The numbers first. While India’s GDP may indeed have soared to the $18-20 trillion range by then, our per capita income may still be well short of the $22,000-25,000 range, widely considered a benchmark for developed nations. This follows from the current trend of growing inequality, only set to become more pronounced in the coming decades. The unemployment rate could consistently be in double digits by then. A recent Oxfam report says that the top 1 per cent of India’s population accounts for 40 per cent of the country’s wealth with the bottom half adding up to only 3 per cent. By 2047, this top layer could well own 60 per cent of the national wealth with the bottom half accounting for only 2 per cent. The gap gets wider, thus limiting recent gains on per capita income and pushing India at best to an upper middle income country status. That can be called improvement but would have fallen well short of our true potential. This is a vital metric to keep an eye on. The more GDP growth outstrips per capita income growth, the more unstable our growth story becomes.
Economic disparity is not the only reason for social instability though. Indian minorities, notably Muslims, are feeling marginalised, harassed and left behind. In another 25 years, India may have taken even greater strides towards a majoritarian Hindu state and this could have major fallouts in terms of large-scale civil unrest. This may sound alarmist, but the wind is blowing in that direction.
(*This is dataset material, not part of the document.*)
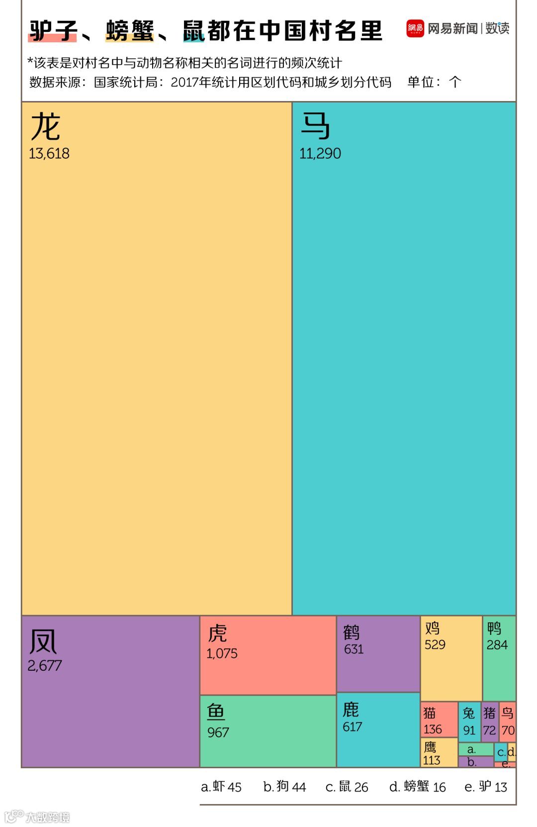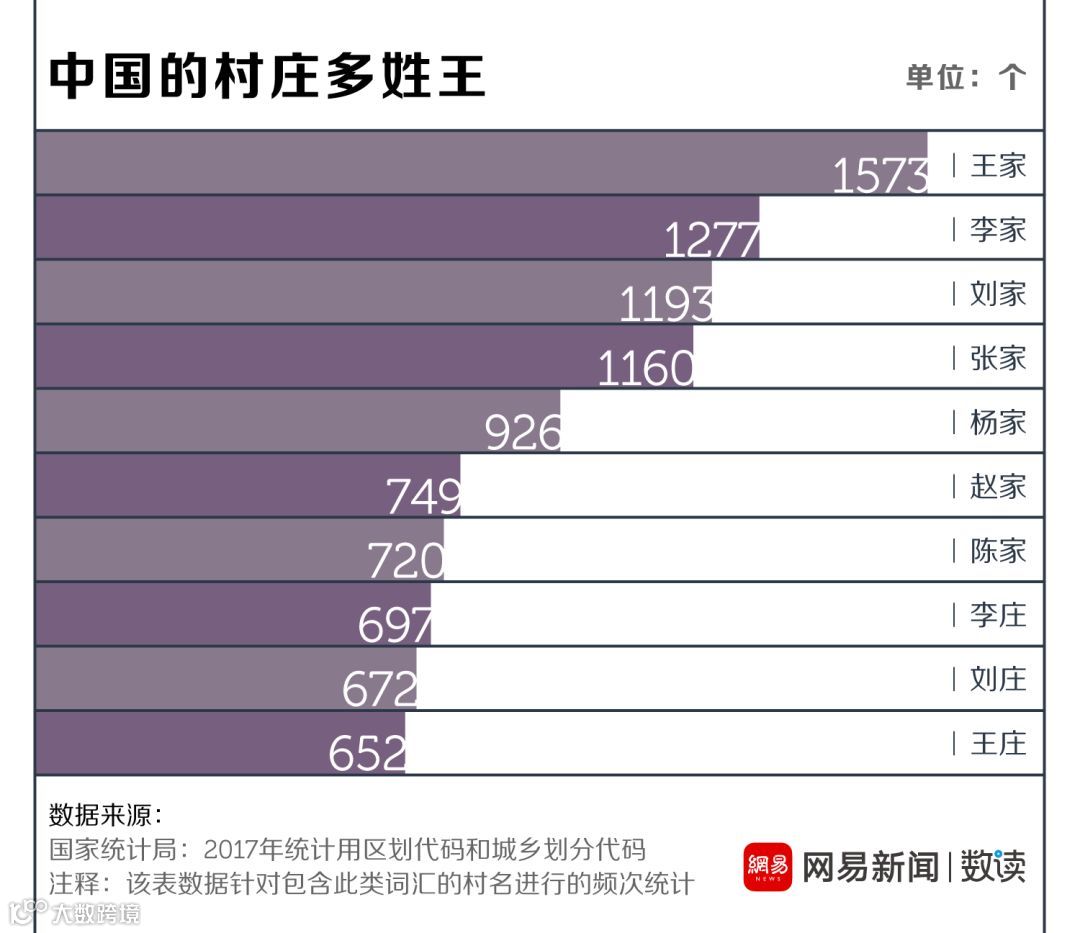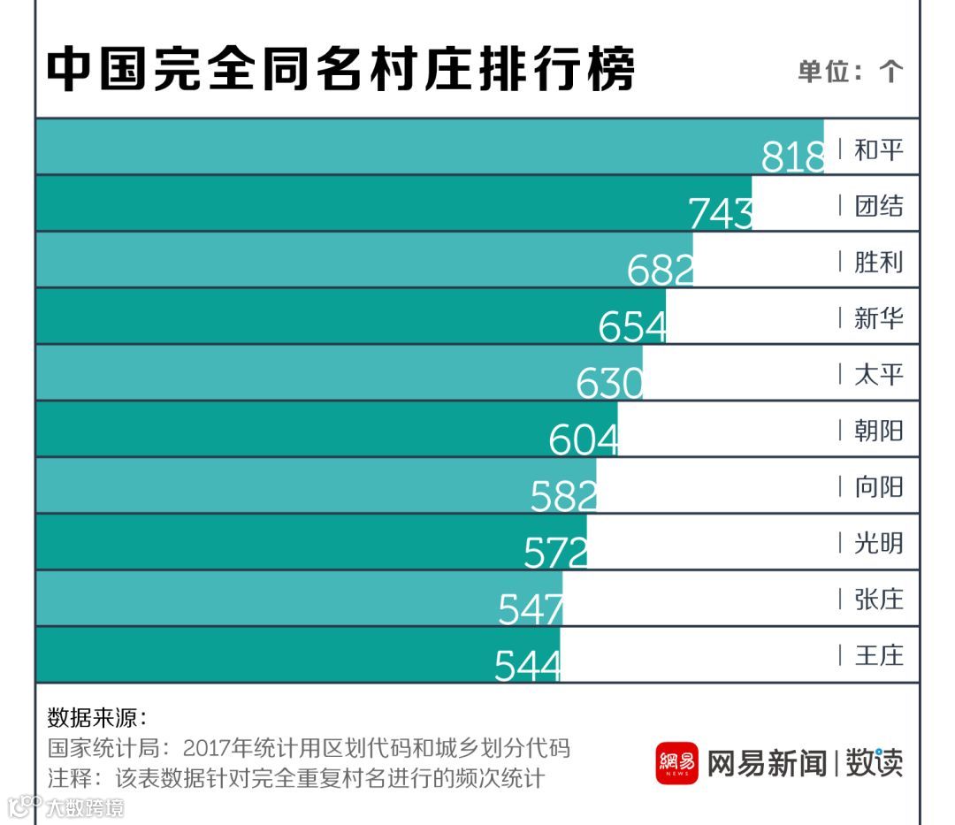 数读菌利用爬虫爬取了国家统计局2017年最新版城乡区划代码中的67万余个村名。在对其进行了匹配分析后,发现高度的重复是中国村一级行政区名称的最大特色之一。
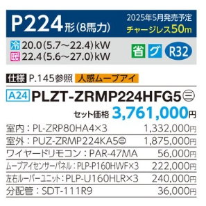 三菱 スリムZRi-スクエアタイプ 4方向天井カセット形<同時トリプル> P224形 (PLZT-ZRMP224HFG5)

The ongoing Joshimath crisis is a reminder of the huge ecological challenge that confronts India in the coming decades. Disasters in Shimla, Darjeeling, Manali will surely follow and it is not just our mountains that are at risk. By 2047, some of our main cities like Mumbai, Kolkata and Chennai may face rampant floods because of rising water levels. Severe droughts and heat waves may wreak havoc on lives and livelihoods every year.
Pollution may have rendered metros like Delhi utterly hazardous to live in, as choked infrastructure may have done to Bengaluru and Mumbai. As rural to urban migration gathers more momentum, our cities will struggle to cope and in a couple of decades the situation may have become totally unmanageable. Perhaps these signs are clear already, which may explain the steady exodus of skilled professionals from India to greener pastures. Last year, nearly 200,000 Indians migrated away, thousands of them millionaires. By 2047, we could be losing millions of skilled citizens each year to developed countries.
Finally, there is the matter of India’s place in the Human Development Index (HDI). For a country of our size and growing importance, to be stuck at a lowly 132 out of 191 countries on the HDI index is a matter of grave concern. With economic growth, our position would have improved from this abysmal ranking but it may not have lifted us to the league of the top 66 nations in this list which are considered developed. Till that happens, GDP numbers are quite meaningless. They may give us bragging rights, but not have made India a great country to live in.
India@100 will have many things to celebrate. All things said, it would still have been a remarkable journey for a relatively young nation. But the experience of China should teach us that size isn’t everything. Many smaller nations have blossomed into wonderful success stories without boasting of trillion-dollar economies. It’s the ‘internals’ which matter more, and it is on those that our policymakers would do well to keep an eye on as we move from 75 to 100.
It is only then that 1.6 billion Indians would rise together to applaud a truly great century.